Date: 2016-04-30 11:17 pm (UTC)
From: [identity profile] yhlee.livejournal.com
Digression:

We had the math teacher thing explained to us at great length in teacher ed, where they distinguished between content knowledge (knowing how to do math, say) and pedagogical content knowledge (knowing how to teach the math that you knew). I had some of the best math background of my cohort, but as I explained to one of my classmates, that was actually sometimes a disadvantage--the math teachers who knew what it was like to struggle with X topic often were better at empathizing with students struggling with X topic and helping them find a way to understand it.

Date: 2016-05-01 02:33 pm (UTC)
From: [identity profile] realityanalyst.livejournal.com
(I’m a copy-editor but I also write fantasy novels.)

I think of writing more like weaving a tapestry, with all the threads overlapping and combining to create new patterns.

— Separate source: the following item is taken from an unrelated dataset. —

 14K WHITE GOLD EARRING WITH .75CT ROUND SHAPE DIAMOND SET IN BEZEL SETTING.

That being said, I do use structure – I just do it mentally. Putting too much structure down in physical form is a good way of ruining any potential to use it. My primary structure is as simple as hook-build-climax-denouement. For books with more action, I also deal with set pieces, but I don’t use any further structure except logic: the protagonist must enter the building before she can leave it.

As for scene-sequel and similar patterns, instead of writing it down, I mentally act it out. (I once read something where the author said she did this to determine how mood influenced physical behavior and expression. When she wanted a character to be angry, she pretended to be angry and then noted what she did.) If I were my protagonist, what would my instinctual reaction be? (Of course, I then have to sort it out from what my reaction would be – usually something different.)

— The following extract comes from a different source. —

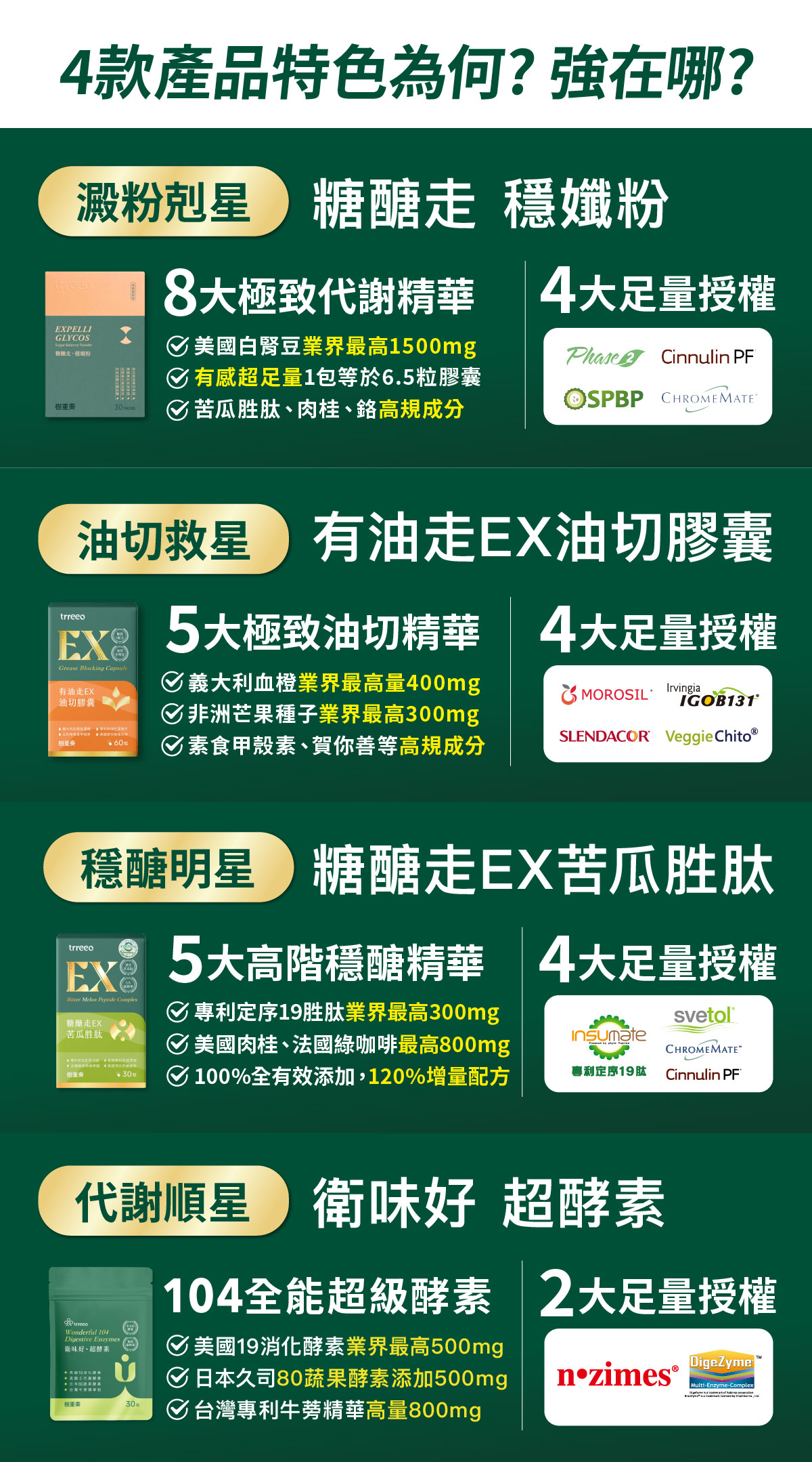 樹重奏代謝4大天王,針對您的4種不同需求,提供4款強而有力配方的產品,配方皆為業界之最!4款皆為熱銷品,數量有限敬請把握機會!(目前糖醣走穩孅粉已熱銷一空)

I also never write out character charts. I think about how useless doing that would be for, say, my sister. If I wanted to tell someone about her, I’d never do it in chart form! Likewise, if I want to tell the story in short, I’d do it as a short story, not as an outline.

But everyone works differently. My personal rule is: don’t write like some How to Write book tells you (in fact, ignore them. Read books you like; those are your best teachers). Write in such a way that you finish what you start in a reasonable time period and are happy with the result. Then get a couple of excellent critiquers to tell you what’s wrong with it and listen to them but take only 75% of their advice.

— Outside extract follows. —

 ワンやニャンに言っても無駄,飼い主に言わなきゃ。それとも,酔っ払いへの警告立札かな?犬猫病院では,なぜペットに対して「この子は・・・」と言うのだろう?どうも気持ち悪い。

On a side note, I just finished painting this. The type of bird is not coincidental.

Image

Date: 2016-05-09 01:53 am (UTC)
From: [identity profile] thanate.livejournal.com
Late to the party, but as I find brainstorming works best with a large set of wrong answers from which to extrapolate a better one:

I began by creating plot more or less as I would read it: in order, making the logical connections/leaps, with maybe an idea of where the next scene or two is going, or what the end is likely to be like but not a great deal more until I got there. Which I guess means doing structure on autopilot, since either it comes together fine or the story doesn't work. This works fine for shorter stories, but novels tend to get pretty muddled unless I'm writing quite fast-- I've put coherent plots with bits that wrap up nicely together over NaNoWriMo, but not so much otherwise. (and not always that, either)

My brain doesn't really do 3-act-structure or whatnot unless I treat it like a party trick and make that point of the story (not ideal for making good stories...) Mainly I think I internalized the way the novelists I was reading organized a story and my brain either makes that work or notifies me that it isn't working & I should go write something else. I get all cross about weird modern structures, tho.

Anyway, I was just starting to break out of strict linearity and be able to do a first scene followed by some rough outline bits (just writing key moments or a couple lines of dialogue I want to include) more or less in order at the bottom of the document with lots of space around them and then joining them up, and some loose structural outlines for what I want to happen, or how multiple storylines should match up in longer projects-- when pregnancy & early childhood parenting pretty much knocked my writer-brain in the head. So, I don't really know what my process is going to look like when I get enough downtime to write consistently again.